Since the analysis of the air temperature time series in the study area did not reveal a significant warming trend for the last 30 years, the warming rate observed from temperature-depth profiles and temperature time series (that is reflected by up to +25 MJ/year/m2 of thermal energy gained by the shallow aquifer beneath the city center) must be mainly due to human-related heat sources. This value agrees with the estimates of +70 MJ/year/m2 for the only urban area of Cologne (Zhu et al. 2011), +2.1 and + 1.0 × 109 MJ/year for the municipalities of Karlsruhe (61.9 km2, +33.9 MJ/year/m2) and Cologne (81.3 km2, +12.3 MJ/year/m2; Benz et al. 2015).

Conclusions

This study reveals the extent and the intensity of the urban heat island effect in the groundwater beneath the Milan city area and attempts to identify the natural and anthropogenic controls on the thermal regime. High-resolution groundwater temperature data were collected by the authors since 2016 and analyzed for the first time in the study area. The integration from different sources of groundwater temperature data and the analysis of the spatial distribution of the mean annual groundwater temperature and the seasonal fluctuations revealed differences up to 3 °C between the city center and the surrounding rural areas located both upstream and laterally to the main groundwater flow direction. Downstream the city center, a superimposition of the effects due to the intense urbanization and the proximity of the water table to the surface is observed leading to higher groundwater temperature and strong seasonal fluctuations in the shallow portion of the aquifer. The impact of natural and human-related processes on the groundwater thermal regime was assessed by means of a bivariate and a cross-correlation analysis revealing the thickness of the unsaturated zone and the density of surface structures/infrastructures to be the most relevant parameters at controlling the vertical heat fluxes into the aquifer. The most relevant anthropogenic heat sources were identified as the percentage of building cover, the sealing of land with asphalt and concrete structures, and the presence of underground tunnels and geothermal systems. Their spatial density varies significantly in the study area but reaches the maximum simultaneously inside a 2-km-radius circle centered in the city center where the SUHI is observed. Inside this area a constant inverse thermal gradient (i.e., heat directed into the aquifer) of about +0.1 °C/m and a warming trend of +0.4 °C/year were observed, leading to a gain of thermal energy by the shallow aquifer beneath the SUHI up to +25 MJ/year/m2.

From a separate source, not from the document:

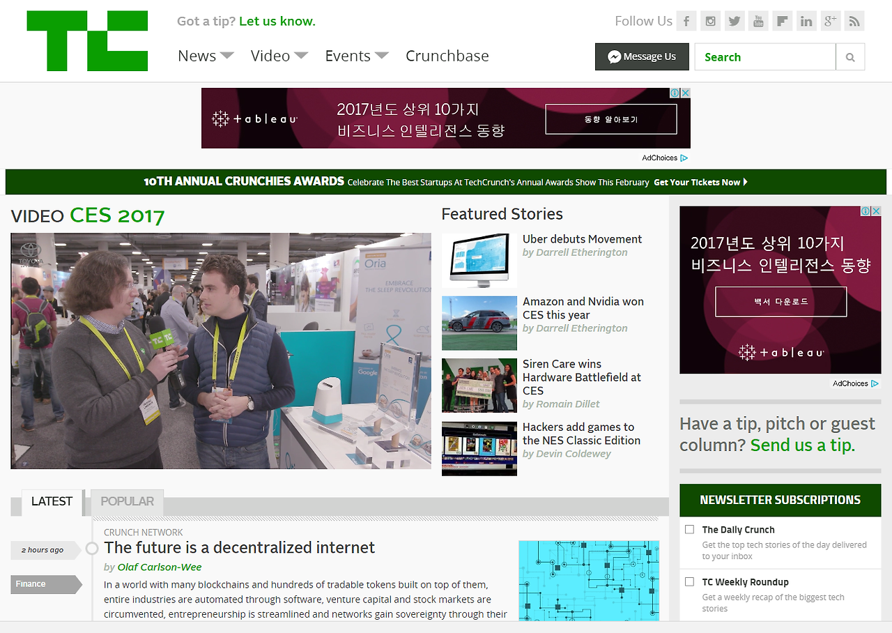 마인크래프트를 연상케하는 Tech Crunch의 BI도 이젠 익숙하다.

Insights from this city-scale groundwater temperature analysis, which is original for the Milan city area, are useful to future research, including city-scale numerical modeling, about quantifying the contribution of single anthropogenic heat sources on the thermal regime of the shallow aquifers to delineate possible subsurface warming scenarios and support the sustainable development of shallow geothermal energy. In this context, a well-designed monitoring network would provide valuable data about changes in the groundwater environment linked to the changes in the natural and human-related surface thermal regime and is pivotal to estimate the heat accumulated in the SUHI and to assess the thermal potential upon realistic groundwater thermal conditions.